2. Ferner ist der Beschluss, mit dem das Landgericht den Beweisantrag abgelehnt hat, unzureichend begründet.
a) Nach ständiger Rechtsprechung des Bundesgerichtshofs muss der Beschluss, mit dem ein Beweisantrag wegen Bedeutungslosigkeit der behaupteten Tatsachen abgelehnt wird, die Erwägungen anführen, aus denen der Tatrichter ihnen keine Bedeutung beimisst. Wird die Bedeutungslosigkeit aus tatsächlichen Umständen gefolgert, so müssen die Tatsachen angegeben werden, aus denen sich ergibt, warum die unter Beweis gestellte Tatsache, selbst wenn sie erwiesen wäre, die Entscheidung des Gerichts nicht beeinflussen könnte. Die erforderliche Begründung entspricht dabei grundsätzlich den Begründungserfordernissen bei der Würdigung von durch die Beweisaufnahme gewonnenen Indiztatsachen in den Urteilsgründen; sie ist auf konkrete Erwägungen zu stützen (vgl. BGH, Beschlüsse vom 1. Oktober 2013 - 3 StR 135/13, NStZ-RR 2014, 54, 55; vom 18. März 2015 - 2 StR 462/14, juris Rn. 5).
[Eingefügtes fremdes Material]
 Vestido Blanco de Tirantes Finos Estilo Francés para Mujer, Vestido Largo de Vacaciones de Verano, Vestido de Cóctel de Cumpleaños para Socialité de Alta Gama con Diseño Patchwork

Geht es um den Angeklagten belastende Beweisbehauptungen, muss die Ablehnung das ganze Beweisthema ohne Einengung, Verkürzung oder Unterstellung erfassen und darlegen, warum dem Tatrichter die im Beweisantrag behauptete Tatsache in Verbindung mit dem bisherigen Beweisergebnis nicht ausreichen würde, um zu einer Verurteilung zu gelangen (zum Ganzen: BGH, Urteil vom 26. Februar 2015 - 4 StR 293/14, NStZ 2015, 355, 356; vgl. insbesondere zu einem Beweisantrag des Nebenklägers ferner BGH, Urteil vom 7. April 2011 - 3 StR 497/10, NStZ 2011, 713, 714 jeweils mwN).
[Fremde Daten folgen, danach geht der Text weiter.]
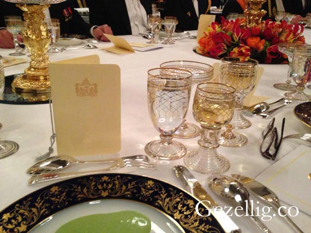 最后再來展示下國(guó)宴的餐具,每一件都是古董,每件上都有皇室的印記,細(xì)數(shù)一下,本次餐具一共有6件刀叉勺子,都是按照菜的順序擺放的。(圖片來源:荷蘭聯(lián)合時(shí)報(bào))
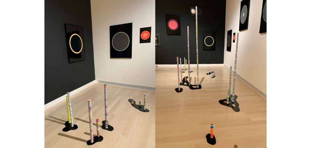 Ezután sem marad a látogató égbe törő formák nélkül, hiszen Kristóf Gábor építészeti oszlopai, golflabda installációi tornyokként törnek a terem mennyezete felé. A labda oszlopok ritmusa a falon elhelyezett hang alapú szerkezettel együtt egy gépiesített világot szimbolizálnak, de ezek az organikus formák mégis játékosközeget öltenek.
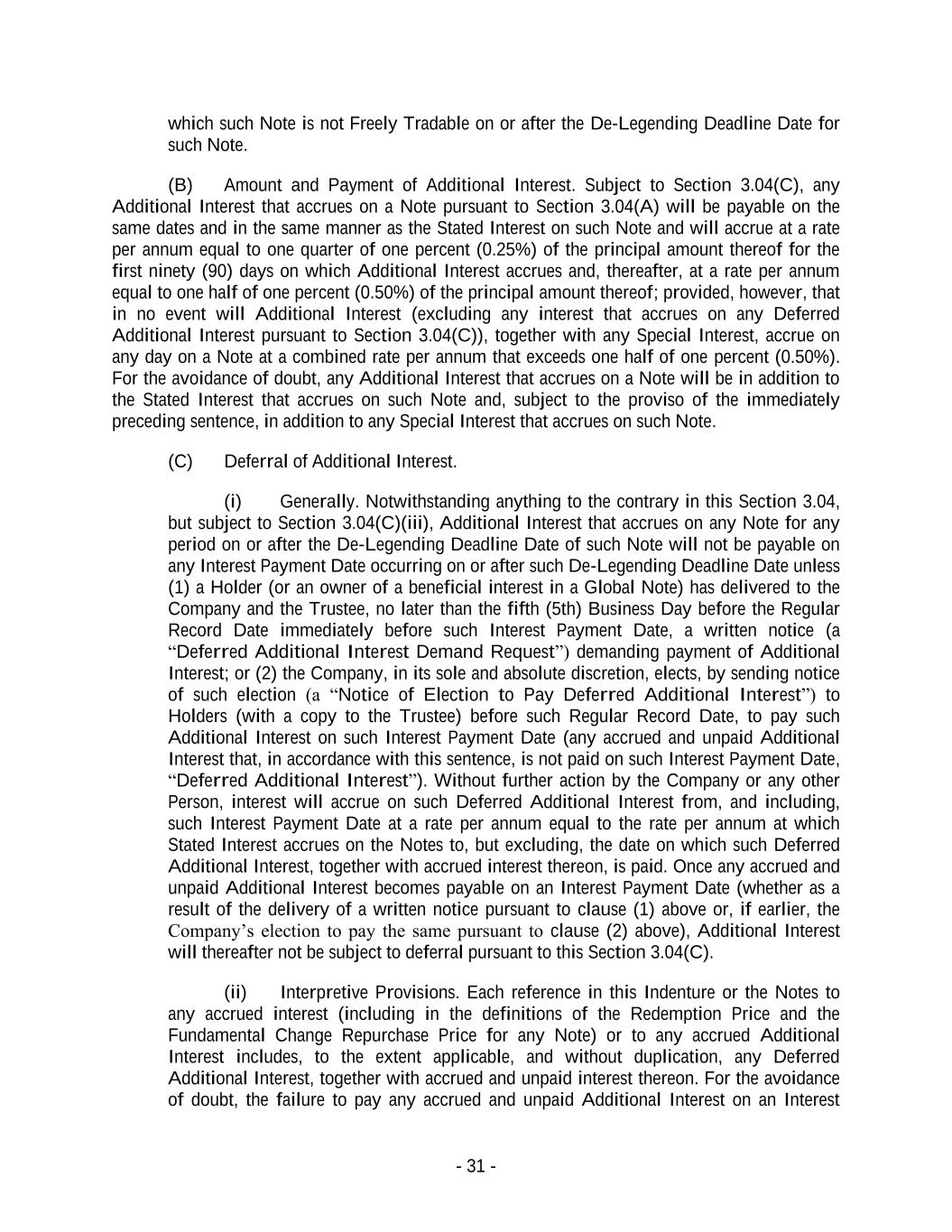 - 31 - which such Note is not Freely Tradable on or after the De-Legending Deadline Date for such Note. (B) Amount and Payment of Additional Interest. Subject to Section 3.04(C), any Additional Interest that accrues on a Note pursuant to Section 3.04(A) will be payable on the same dates and in the same manner as the Stated Interest on such Note and will accrue at a rate per annum equal to one quarter of one percent (0.25%) of the principal amount thereof for the first ninety (90) days on which Additional Interest accrues and, thereafter, at a rate per annum equal to one half of one percent (0.50%) of the principal amount thereof; provided, however, that in no event will Additional Interest (excluding any interest that accrues on any Deferred Additional Interest pursuant to Section 3.04(C)), together with any Special Interest, accrue on any day on a Note at a combined rate per annum that exceeds one half of one percent (0.50%). For the avoidance of doubt, any Additional Interest that accrues on a Note will be in addition to the Stated Interest that accrues on such Note and, subject to the proviso of the immediately preceding sentence, in addition to any Special Interest that accrues on such Note. (C) Deferral of Additional Interest. (i) Generally. Notwithstanding anything to the contrary in this Section 3.04, but subject to Section 3.04(C)(iii), Additional Interest that accrues on any Note for any period on or after the De-Legending Deadline Date of such Note will not be payable on any Interest Payment Date occurring on or after such De-Legending Deadline Date unless (1) a Holder (or an owner of a beneficial interest in a Global Note) has delivered to the Company and the Trustee, no later than the fifth (5th) Business Day before the Regular Record Date immediately before such Interest Payment Date, a written notice (a “Deferred Additional Interest Demand Request”) demanding payment of Additional Interest; or (2) the Company, in its sole and absolute discretion, elects, by sending notice of such election (a “Notice of Election to Pay Deferred Additional Interest”) to Holders (with a copy to the Trustee) before such Regular Record Date, to pay such Additional Interest on such Interest Payment Date (any accrued and unpaid Additional Interest that, in accordance with this sentence, is not paid on such Interest Payment Date, “Deferred Additional Interest”). Without further action by the Company or any other Person, interest will accrue on such Deferred Additional Interest from, and including, such Interest Payment Date at a rate per annum equal to the rate per annum at which Stated Interest accrues on the Notes to, but excluding, the date on which such Deferred Additional Interest, together with accrued interest thereon, is paid. Once any accrued and unpaid Additional Interest becomes payable on an Interest Payment Date (whether as a result of the delivery of a written notice pursuant to clause (1) above or, if earlier, the Company’s election to pay the same pursuant to clause (2) above), Additional Interest will thereafter not be subject to deferral pursuant to this Section 3.04(C). (ii) Interpretive Provisions. Each reference in this Indenture or the Notes to any accrued interest (including in the definitions of the Redemption Price and the Fundamental Change Repurchase Price for any Note) or to any accrued Additional Interest includes, to the extent applicable, and without duplication, any Deferred Additional Interest, together with accrued and unpaid interest thereon. For the avoidance of doubt, the failure to pay any accrued and unpaid Additional Interest on an Interest
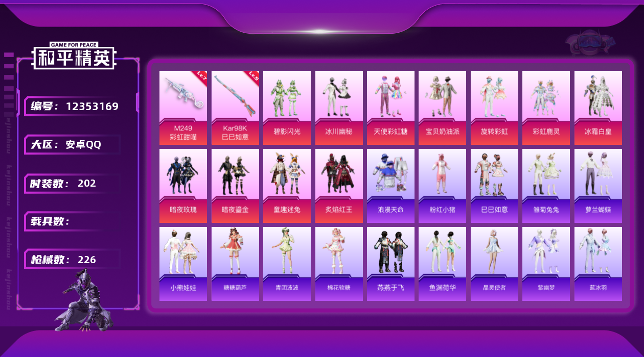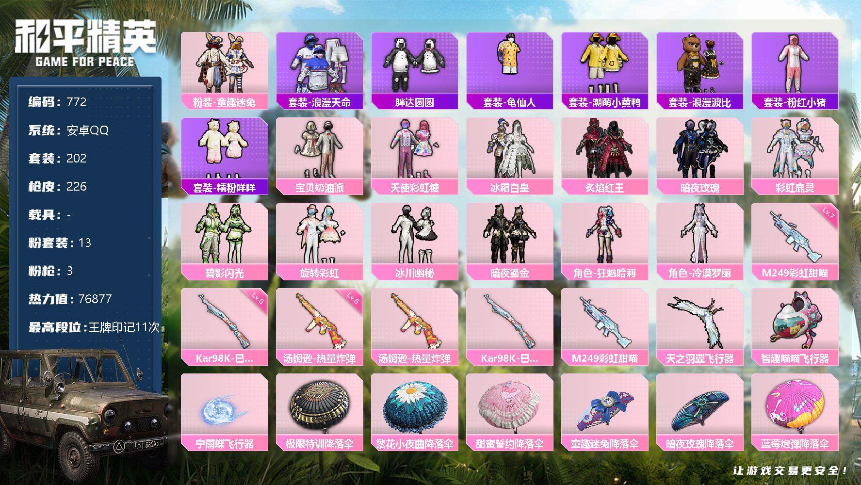 [12353169]【商品标题】:安卓 手Q-13粉装-3特效枪-0载具-3粉色飞行器-76877热力值-11王牌印记-202套装-226枪皮

b) Den sich hieraus ergebenden Anforderungen genügt der Beschluss des Landgerichts offensichtlich nicht (vgl. auch BGH, Beschluss vom 1. Oktober 2013 - 3 StR 135/13, NStZ-RR 2014, 54, 55).
3. Im Hinblick auf die mehrfachen Rechtsfehler des Landgerichts bedarf keiner Entscheidung, ob hinsichtlich des dem Nebenkläger zustehenden Beweisantragsrechts eine weniger restriktive Anwendung der gesetzlichen Ablehnungsgründe als beim Angeklagten vertretbar ist (so BGH, Beschluss vom 28. April 2010 - 5 StR 487/09, NStZ 2010, 714; hiergegen mit überzeugender Begründung BGH, Urteil vom 7. April 2011 - 3 StR 497/10, NStZ 2011, 713, 714).
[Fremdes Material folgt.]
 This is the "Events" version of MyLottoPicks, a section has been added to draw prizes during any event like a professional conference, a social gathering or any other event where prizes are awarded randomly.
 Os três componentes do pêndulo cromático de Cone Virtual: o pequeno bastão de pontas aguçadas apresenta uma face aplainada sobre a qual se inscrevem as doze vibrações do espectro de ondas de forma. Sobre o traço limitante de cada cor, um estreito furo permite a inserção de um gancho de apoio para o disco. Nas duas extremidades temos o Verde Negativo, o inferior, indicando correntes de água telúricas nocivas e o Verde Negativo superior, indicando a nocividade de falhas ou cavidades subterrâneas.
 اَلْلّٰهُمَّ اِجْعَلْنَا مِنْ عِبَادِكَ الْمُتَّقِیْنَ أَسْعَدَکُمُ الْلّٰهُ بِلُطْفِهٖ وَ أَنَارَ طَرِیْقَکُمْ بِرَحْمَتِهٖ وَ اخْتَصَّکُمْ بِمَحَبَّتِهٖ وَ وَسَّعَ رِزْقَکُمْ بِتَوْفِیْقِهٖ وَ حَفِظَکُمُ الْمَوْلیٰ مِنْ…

Ferner kommt es nicht darauf an, dass die Verfahrensrüge, die den auf die Erholung eines unfallanalytischen Sachverständigengutachtens gerichteten Beweisantrag zum Gegenstand hat, unzulässig ist (§ 344 Abs. 2 Satz 2 StPO), da sie insbesondere den Inhalt der ausdrücklich zum „Teil des Beweisantrags“ gemachten Daten-DVD nicht mitteilt (vgl. allgemein BGH, Beschlüsse vom 17. Juli 2014 - 4 StR 78/14, NStZ 2014, 604, 606 mwN; zu einer entsprechenden Bezugnahme in einem Urteil auch BGH, Urteil vom 2. November 2011 - 2 StR 332/11, BGHSt 57, 53; Beschlüsse vom 14. September 2011 - 5 StR 355/11, BGHR StPO § 267 Abs. 1 Satz 3 Verweisung 3; vom 14. März 2012 - 2 StR 547/11, StV 2013, 73).